The recent decision by Anthropic to temporarily withhold public release of its powerful new artificial intelligence model, Claude Mythos (Mythos), is a stark reminder of how cybersecurity must rapidly evolve to keep pace with AI.
It is reported that Mythos can autonomously identify and exploit software and network vulnerabilities at a scale and speed previously unavailable to risk actors. In order to address this risk, Canadian regulators, banks and government officials are convening emergency discussions and engaging directly with Anthropic to understand the risks posed by this new class of AI-enabled cyberattack.
What is especially concerning is not just the capability of Mythos itself, but what it reveals about the fragility of modern digital infrastructure. Information technology providers have historically been reluctant to undertake robust architectural remediation. AI models like Mythos can capitalize on that liability, discovering and exploiting unknown vulnerabilities across operating systems, browsers, and enterprise software for which no patch is available (often referred to as "zero-day vulnerabilities").

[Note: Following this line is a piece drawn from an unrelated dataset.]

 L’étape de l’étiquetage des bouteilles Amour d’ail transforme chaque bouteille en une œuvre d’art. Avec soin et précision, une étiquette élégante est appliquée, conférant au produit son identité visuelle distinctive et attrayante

For businesses, the takeaway is clear: where operations are increasingly reliant on third-party information technology providers, the security postures of these actors directly affects your risk exposure. Now is the time to ask pointed questions of your vendors, including for example:
- Are the vendors conducting regular and robust third-party security assessments?

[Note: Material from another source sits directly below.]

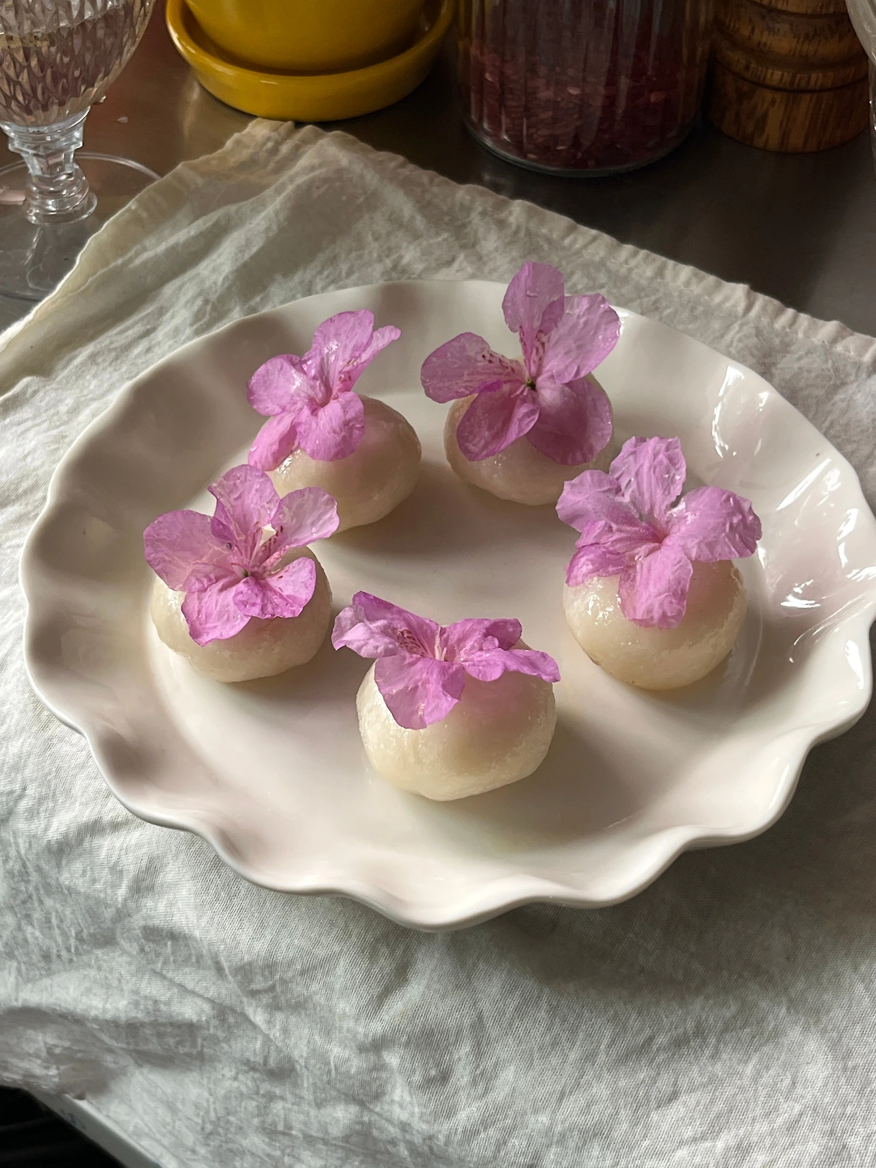 7. 가볍게 헹궈 물기를 제거한 진달래 꽃을 얹어 마무리한다.

- How are they preparing for AI-enabled attacks?
- Do they have plans beyond routine patching to address systemic vulnerabilities?

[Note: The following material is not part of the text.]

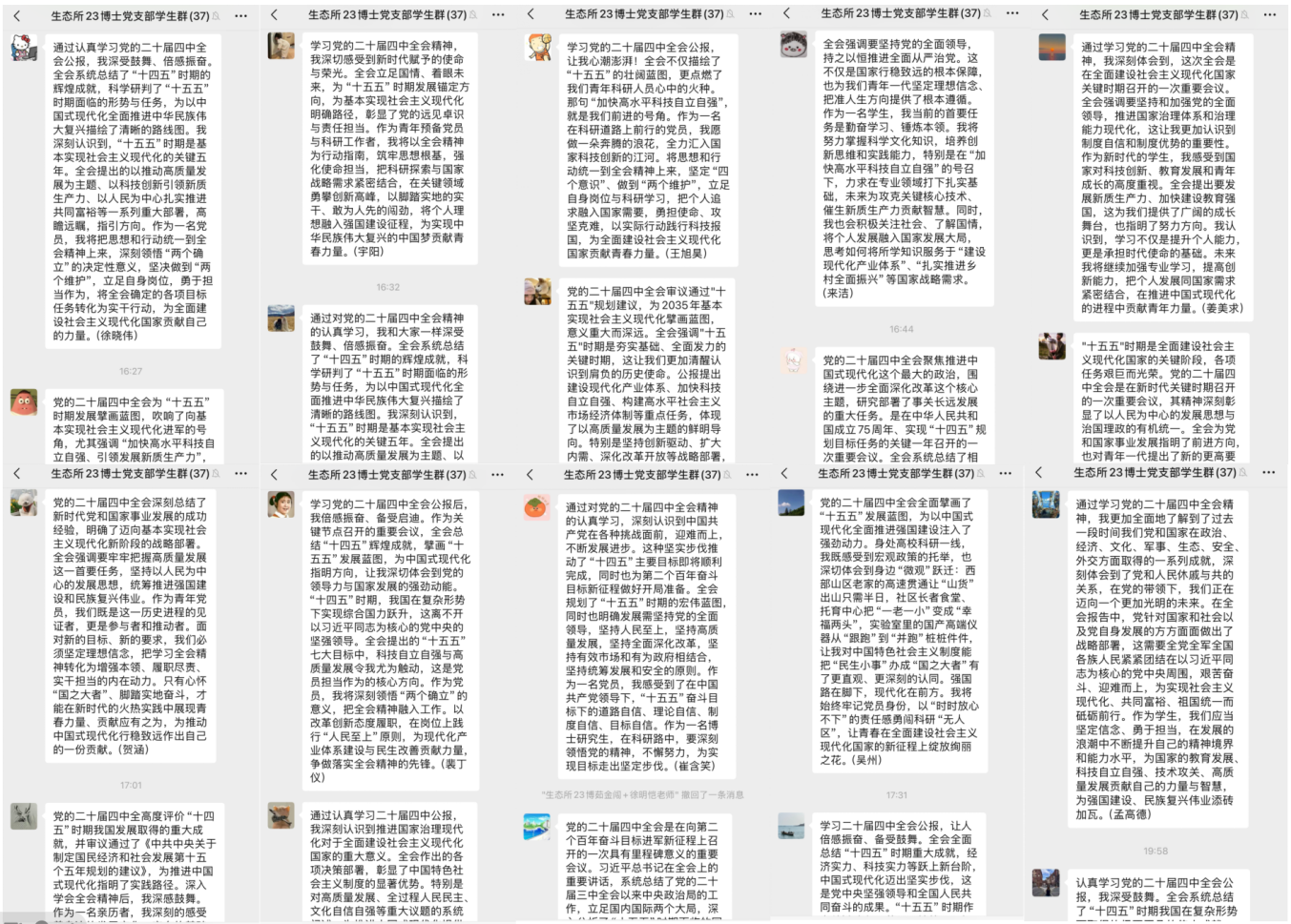 會前,王寶玉在支部群內(nèi)轉(zhuǎn)發(fā)了研究所黨群辦下發(fā)的學(xué)習(xí)輔導(dǎo)PPT,各位黨員同志以及入黨積極分子在深入學(xué)習(xí)后紛紛在群內(nèi)分享了自己的學(xué)習(xí)感悟和心得體會。

The cost of failing to evaluate and adapt far outweighs the cost of investing upfront in resilience. Organizations should accordingly seek assurances from their information technology providers about their modern security preparedness, governance controls, and incident response capabilities. In a new era of cyber risk driven by artificial intelligence, asking hard questions of your vendors today is a practical step to avoid material liability tomorrow.